# THE PROBLEM:
Leave the pictures out. Retype exactly the lines below from the one containing "Sophie Marceau et François Berléand" through the one containing "Obrázek č. 5: Socha svaté Anny", and no others.

# MATERIALS PROVIDED:
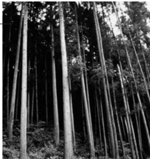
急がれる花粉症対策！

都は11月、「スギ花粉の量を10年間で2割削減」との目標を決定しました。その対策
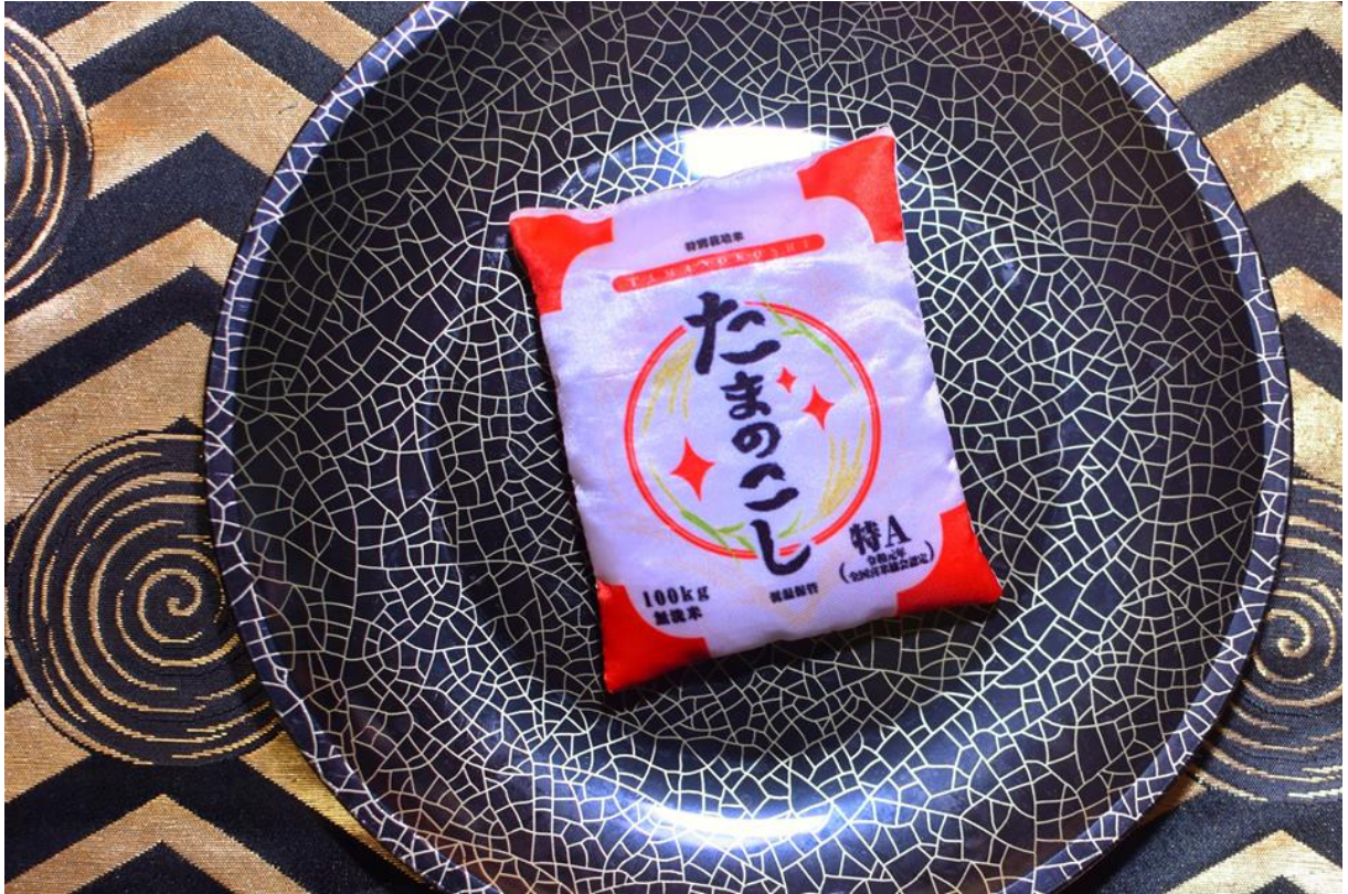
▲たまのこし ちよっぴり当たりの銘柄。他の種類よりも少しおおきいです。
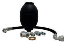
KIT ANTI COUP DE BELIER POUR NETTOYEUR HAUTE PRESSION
---
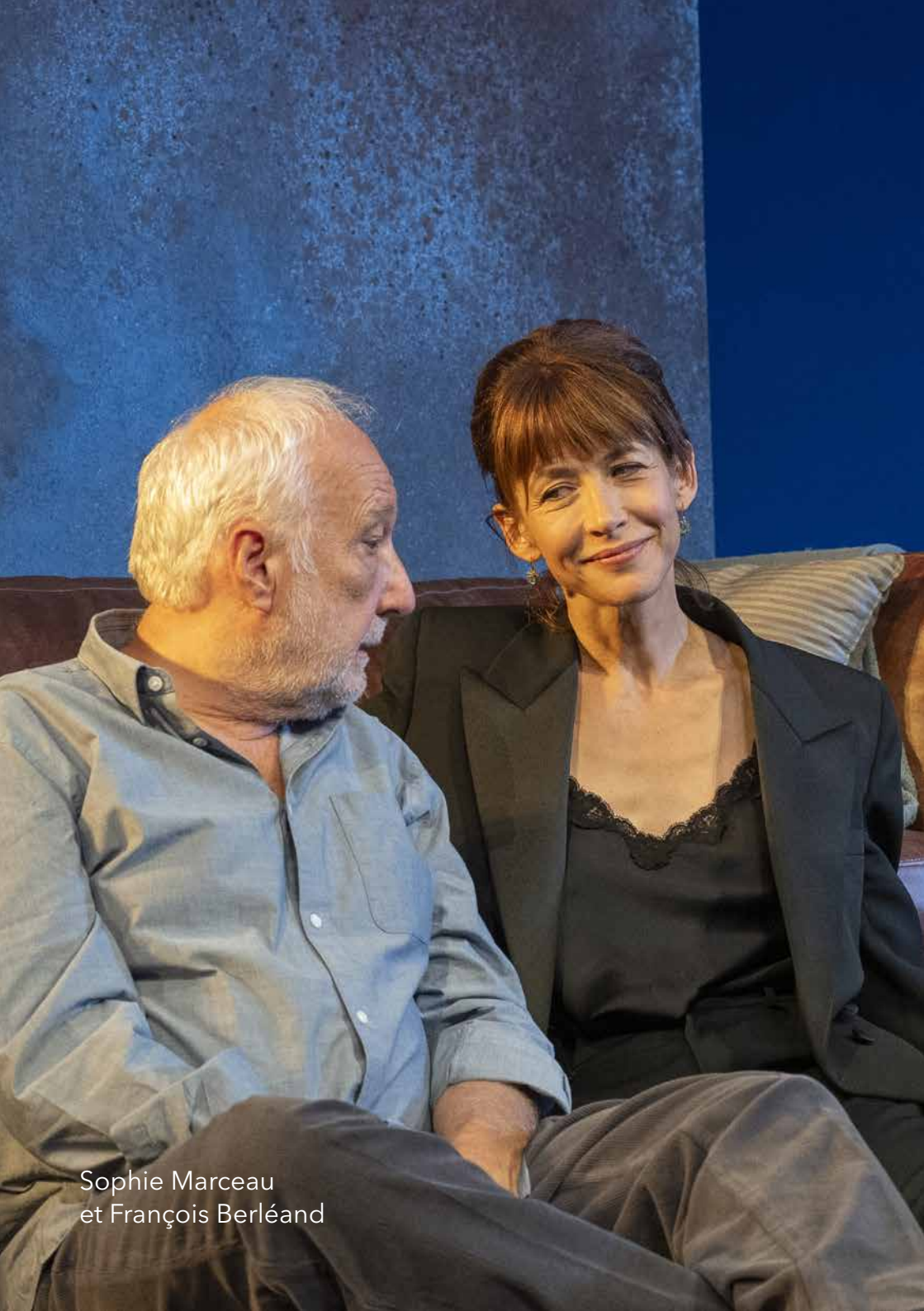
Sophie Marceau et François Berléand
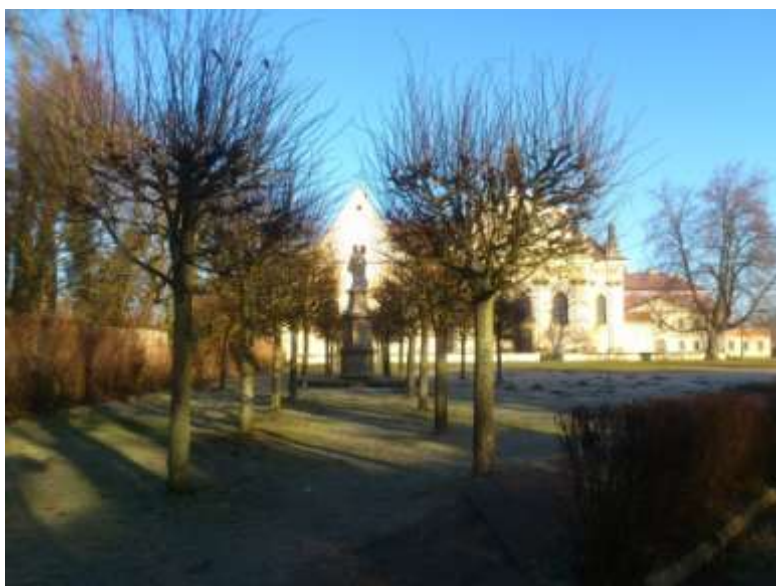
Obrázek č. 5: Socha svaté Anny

# ANSWER SECTION:
Sophie Marceau et François Berléand
Obrázek č. 5: Socha svaté Anny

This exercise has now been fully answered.